• **Work to be completed**:
Write out the data word for word and drop any picture you find.

• **Data provided**:
◆ ◆ ◆ ◆

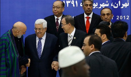 Iranci su, uz Mahmuda Abasa, na Samit pozvali predsjednika Palestinske uprave i Palestinske oslobodilačke organizacije (PLO) i Ismaila Hanijeha, prvaka pokreta Hamas proizašloga iz palestinske ispostave Muslimanskoga bratstva (MB) koji sada kontrolira Pojas Gaze. Hanijeh je nekadašnji premijer palestinske vlade nacionalnog jedinstva kojeg je Abas svojevremeno smijenio. Abas je protestirao i zaprijetio da se neće pojaviti u Teherenu bude li tamo i Hanijeh te se potonji zahvalio na pozivu i odustao. Međutim, odlazak Abasa u Iran naljutio je izraelskoga ministra vanjskih poslova, inače poznatoga jastreba, Avigdora Liebermana, koji je uputio pismo svim kolegama zemalja s kojima Izrael održava diplomatske odnose. Tvrdio je da se Abas, odazivajući se pozivu države koja zagovara "uništenje Izraela i prijeti mu novim Holokaustom", pokazao svoje pravo lice te se samim time, po njegovu mišljenju, diskvalificirao kao sugovornik u mirovnim pregovorima Izraela i PLO-a (vode se bezuspješno od 1993. godine). No, Izraelci nemaju drugog sugovornika među Palestincima i zato ga na sve moguće načine - financijskim ucjenama, policijskim operacijama po Zapadnoj obali, zaustavljanjem međunarodne pomoći upućene toj palestinskoj regiji i ovakvim napadima - pokušavaju učiniti "fleksibilnijim".
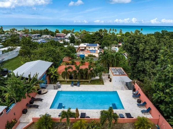 The entire house and surrounding front yard are available to you. The yard has papaya, mango and avocado trees - help yourself when they are ripe. The backyard is off limits because the land is quite steep. Agape' Anchor guests have exclusive access to our private pool. This includes guests from our other Villa, so you will share the pool with them if any are staying there. The pool area is quite large (20 by 40 foot pool) with large sunbathing areas and covered gazebo (it's similar to a hotel pool in size and amenities). There is plenty of space for everyone and only are guests are allowed access to it.
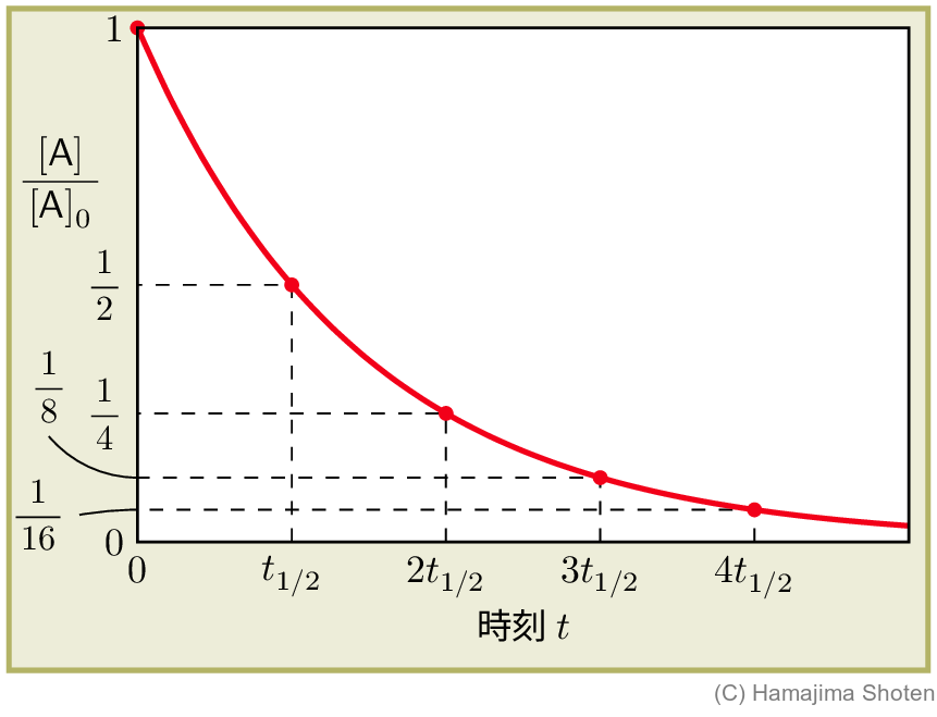 この反応の半減期を t_{1/2} とすると,式 (6) により, \begin{align} t=t_{1/2}\text{のとき, }e^{-kt_{1/2}}=\frac{\mathsf{[A]}}{\mathsf{[A]}_0}=\frac{1}{2} \end{align} である。また, \begin{align*} t=2t_{1/2}\text{のとき, }&\frac{\mathsf{[A]}}{\mathsf{[A]}_0}=e^{-k\cdot 2t_{1/2}}=\left(e^{-kt_{1/2}}\right)^2=\left(\frac{1}{2}\right)^2=\frac{1}{4}\\ t=3t_{1/2}\text{のとき, }&\frac{\mathsf{[A]}}{\mathsf{[A]}_0}=e^{-k\cdot 3t_{1/2}}=\left(e^{-kt_{1/2}}\right)^3=\left(\frac{1}{2}\right)^3=\frac{1}{8}\\ t=4t_{1/2}\text{のとき, }&\frac{\mathsf{[A]}}{\mathsf{[A]}_0}=e^{-k\cdot 4t_{1/2}}=\left(e^{-kt_{1/2}}\right)^4=\left(\frac{1}{2}\right)^4=\frac{1}{16}\\ \cdots\cdots \end{align*} となり,時刻が半減期 t_{1/2} の2倍,3倍,4倍,…となると,\dfrac{\mathsf{[A]}}{\mathsf{[A]}_0} は \dfrac{1}{4},\dfrac{1}{8},\dfrac{1}{16},…となることがわかる。
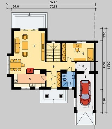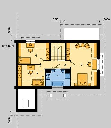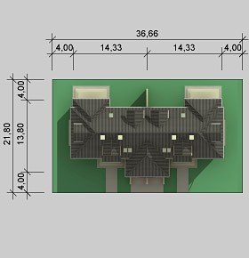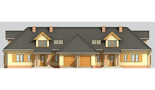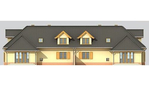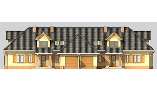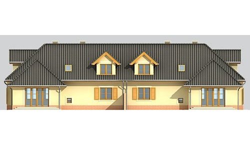 Dom jednorodzinny, w zabudowie bliźniaczej, parterowy z poddaszem użytkowym z jednostanowiskowym garażem, częściowo podpiwniczony.

◆ ◆ ◆ ◆

• **Solution for this task**:
 Iranci su, uz Mahmuda Abasa, na Samit pozvali predsjednika Palestinske uprave i Palestinske oslobodilačke organizacije (PLO) i Ismaila Hanijeha, prvaka pokreta Hamas proizašloga iz palestinske ispostave Muslimanskoga bratstva (MB) koji sada kontrolira Pojas Gaze. Hanijeh je nekadašnji premijer palestinske vlade nacionalnog jedinstva kojeg je Abas svojevremeno smijenio. Abas je protestirao i zaprijetio da se neće pojaviti u Teherenu bude li tamo i Hanijeh te se potonji zahvalio na pozivu i odustao. Međutim, odlazak Abasa u Iran naljutio je izraelskoga ministra vanjskih poslova, inače poznatoga jastreba, Avigdora Liebermana, koji je uputio pismo svim kolegama zemalja s kojima Izrael održava diplomatske odnose. Tvrdio je da se Abas, odazivajući se pozivu države koja zagovara "uništenje Izraela i prijeti mu novim Holokaustom", pokazao svoje pravo lice te se samim time, po njegovu mišljenju, diskvalificirao kao sugovornik u mirovnim pregovorima Izraela i PLO-a (vode se bezuspješno od 1993. godine). No, Izraelci nemaju drugog sugovornika među Palestincima i zato ga na sve moguće načine - financijskim ucjenama, policijskim operacijama po Zapadnoj obali, zaustavljanjem međunarodne pomoći upućene toj palestinskoj regiji i ovakvim napadima - pokušavaju učiniti "fleksibilnijim".
 The entire house and surrounding front yard are available to you. The yard has papaya, mango and avocado trees - help yourself when they are ripe. The backyard is off limits because the land is quite steep. Agape' Anchor guests have exclusive access to our private pool. This includes guests from our other Villa, so you will share the pool with them if any are staying there. The pool area is quite large (20 by 40 foot pool) with large sunbathing areas and covered gazebo (it's similar to a hotel pool in size and amenities). There is plenty of space for everyone and only are guests are allowed access to it.
 この反応の半減期を t_{1/2} とすると,式 (6) により, \begin{align} t=t_{1/2}\text{のとき, }e^{-kt_{1/2}}=\frac{\mathsf{[A]}}{\mathsf{[A]}_0}=\frac{1}{2} \end{align} である。また, \begin{align*} t=2t_{1/2}\text{のとき, }&\frac{\mathsf{[A]}}{\mathsf{[A]}_0}=e^{-k\cdot 2t_{1/2}}=\left(e^{-kt_{1/2}}\right)^2=\left(\frac{1}{2}\right)^2=\frac{1}{4}\\ t=3t_{1/2}\text{のとき, }&\frac{\mathsf{[A]}}{\mathsf{[A]}_0}=e^{-k\cdot 3t_{1/2}}=\left(e^{-kt_{1/2}}\right)^3=\left(\frac{1}{2}\right)^3=\frac{1}{8}\\ t=4t_{1/2}\text{のとき, }&\frac{\mathsf{[A]}}{\mathsf{[A]}_0}=e^{-k\cdot 4t_{1/2}}=\left(e^{-kt_{1/2}}\right)^4=\left(\frac{1}{2}\right)^4=\frac{1}{16}\\ \cdots\cdots \end{align*} となり,時刻が半減期 t_{1/2} の2倍,3倍,4倍,…となると,\dfrac{\mathsf{[A]}}{\mathsf{[A]}_0} は \dfrac{1}{4},\dfrac{1}{8},\dfrac{1}{16},…となることがわかる。
 Dom jednorodzinny, w zabudowie bliźniaczej, parterowy z poddaszem użytkowym z jednostanowiskowym garażem, częściowo podpiwniczony.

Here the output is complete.